◆ Data block ◆
----
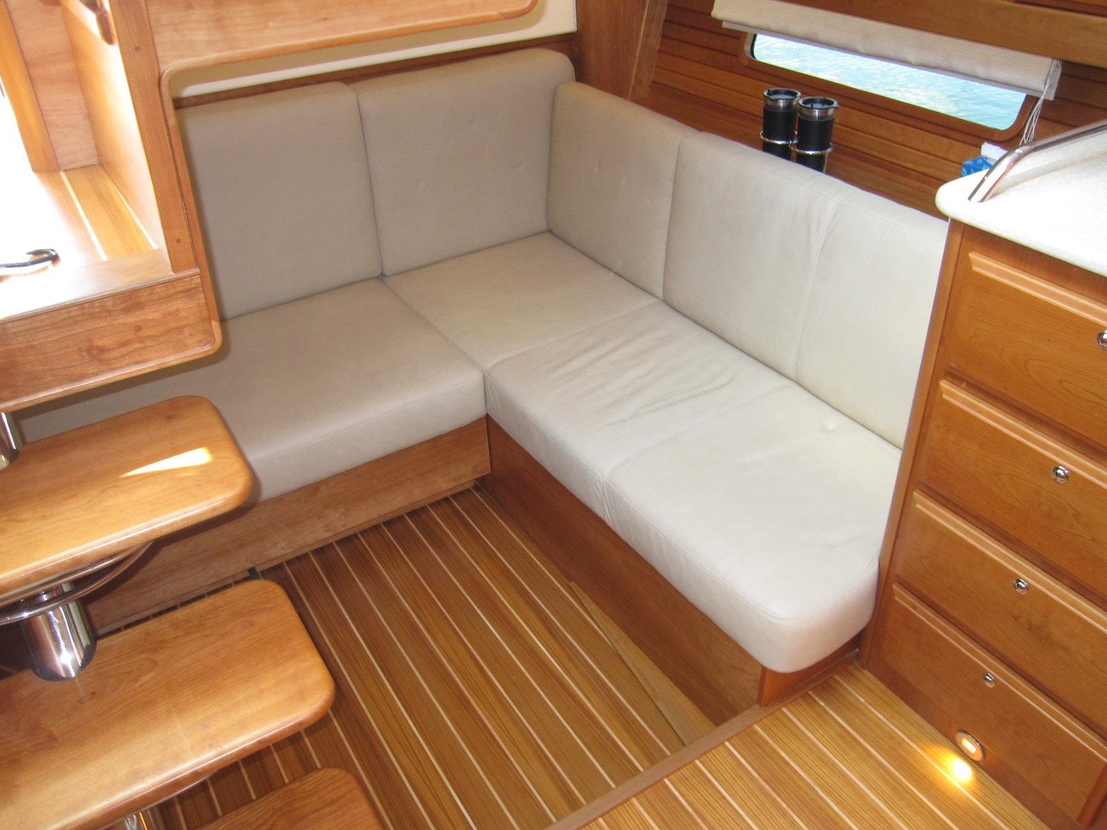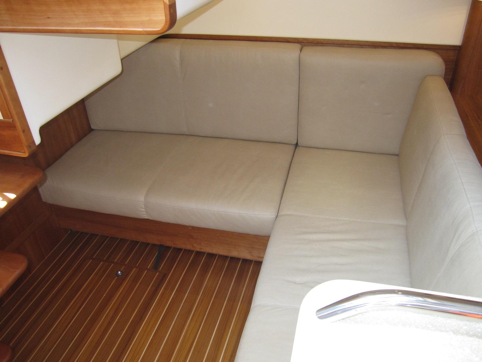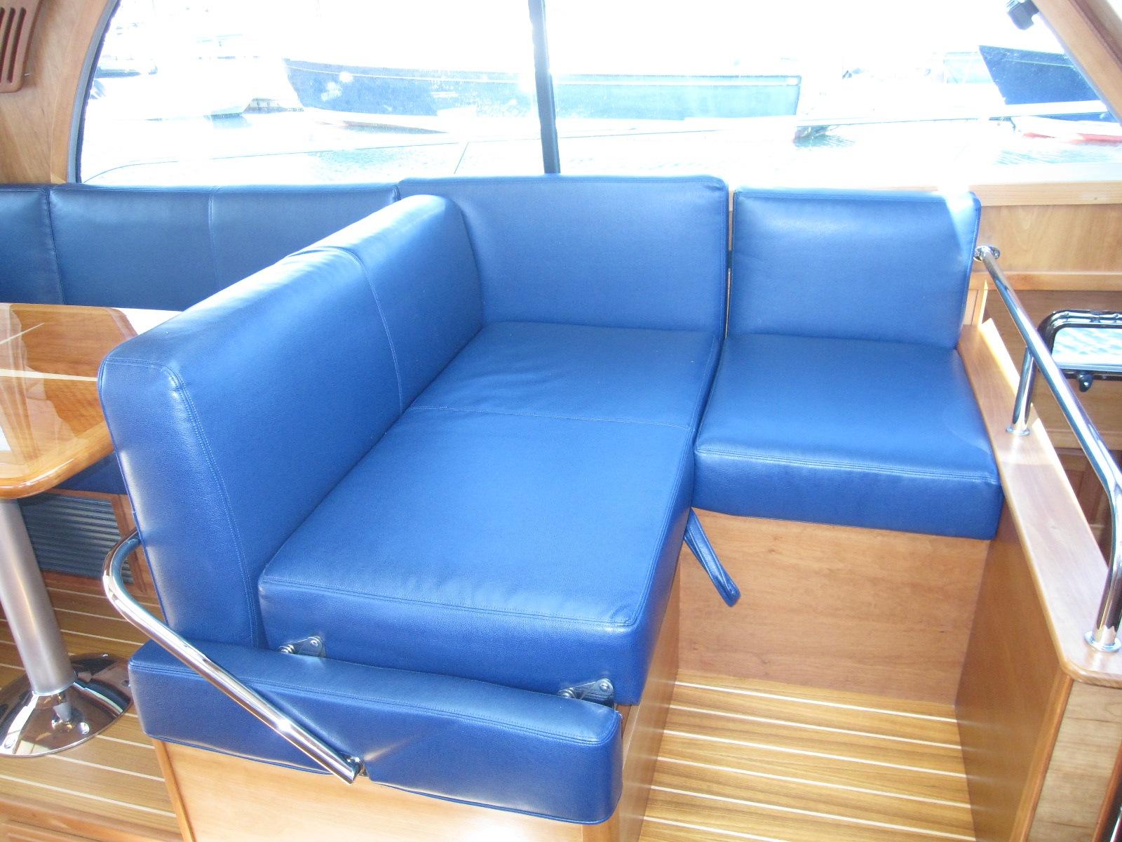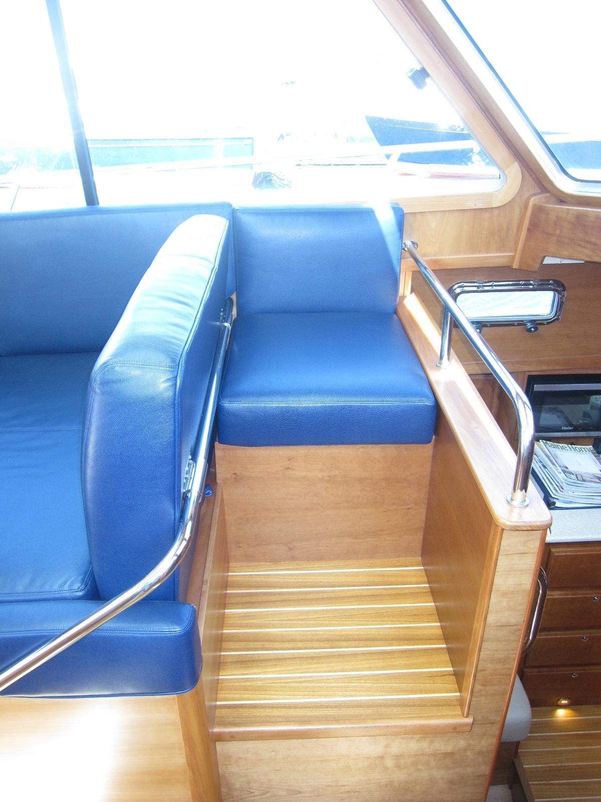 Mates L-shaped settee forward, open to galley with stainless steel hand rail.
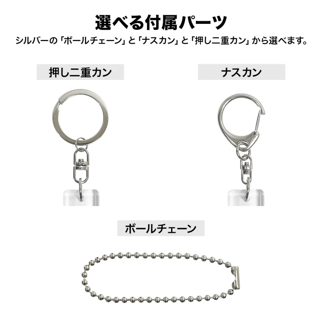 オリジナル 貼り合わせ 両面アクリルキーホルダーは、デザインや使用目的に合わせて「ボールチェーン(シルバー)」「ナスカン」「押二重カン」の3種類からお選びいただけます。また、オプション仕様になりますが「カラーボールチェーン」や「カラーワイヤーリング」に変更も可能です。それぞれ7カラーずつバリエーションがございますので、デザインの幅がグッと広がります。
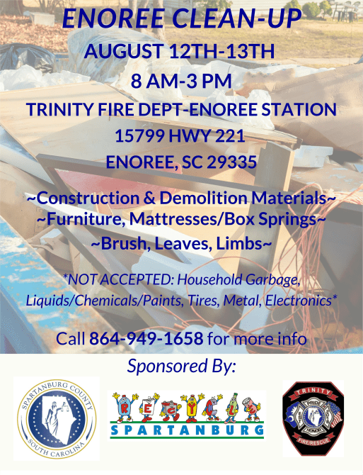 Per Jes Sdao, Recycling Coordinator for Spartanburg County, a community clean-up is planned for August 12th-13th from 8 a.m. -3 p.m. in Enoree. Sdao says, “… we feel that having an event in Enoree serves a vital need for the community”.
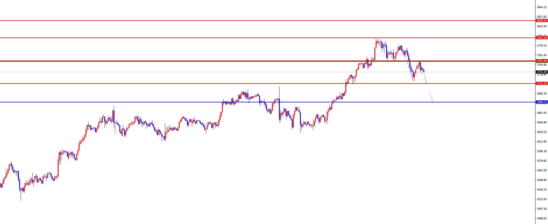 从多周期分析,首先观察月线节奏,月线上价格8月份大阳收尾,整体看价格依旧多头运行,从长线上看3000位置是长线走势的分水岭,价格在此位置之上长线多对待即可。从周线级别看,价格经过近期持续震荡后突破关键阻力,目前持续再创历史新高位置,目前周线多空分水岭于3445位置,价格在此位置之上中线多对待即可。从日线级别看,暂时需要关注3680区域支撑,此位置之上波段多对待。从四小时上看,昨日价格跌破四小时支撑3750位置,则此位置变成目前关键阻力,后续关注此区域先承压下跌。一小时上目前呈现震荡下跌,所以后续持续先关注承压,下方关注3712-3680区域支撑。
----
◆ Task brief ◆
Print the full listing above again with exact wording and no images.

◆ Answer to this task ◆
 Mates L-shaped settee forward, open to galley with stainless steel hand rail.
 オリジナル 貼り合わせ 両面アクリルキーホルダーは、デザインや使用目的に合わせて「ボールチェーン(シルバー)」「ナスカン」「押二重カン」の3種類からお選びいただけます。また、オプション仕様になりますが「カラーボールチェーン」や「カラーワイヤーリング」に変更も可能です。それぞれ7カラーずつバリエーションがございますので、デザインの幅がグッと広がります。
 Per Jes Sdao, Recycling Coordinator for Spartanburg County, a community clean-up is planned for August 12th-13th from 8 a.m. -3 p.m. in Enoree. Sdao says, “… we feel that having an event in Enoree serves a vital need for the community”.
 从多周期分析,首先观察月线节奏,月线上价格8月份大阳收尾,整体看价格依旧多头运行,从长线上看3000位置是长线走势的分水岭,价格在此位置之上长线多对待即可。从周线级别看,价格经过近期持续震荡后突破关键阻力,目前持续再创历史新高位置,目前周线多空分水岭于3445位置,价格在此位置之上中线多对待即可。从日线级别看,暂时需要关注3680区域支撑,此位置之上波段多对待。从四小时上看,昨日价格跌破四小时支撑3750位置,则此位置变成目前关键阻力,后续关注此区域先承压下跌。一小时上目前呈现震荡下跌,所以后续持续先关注承压,下方关注3712-3680区域支撑。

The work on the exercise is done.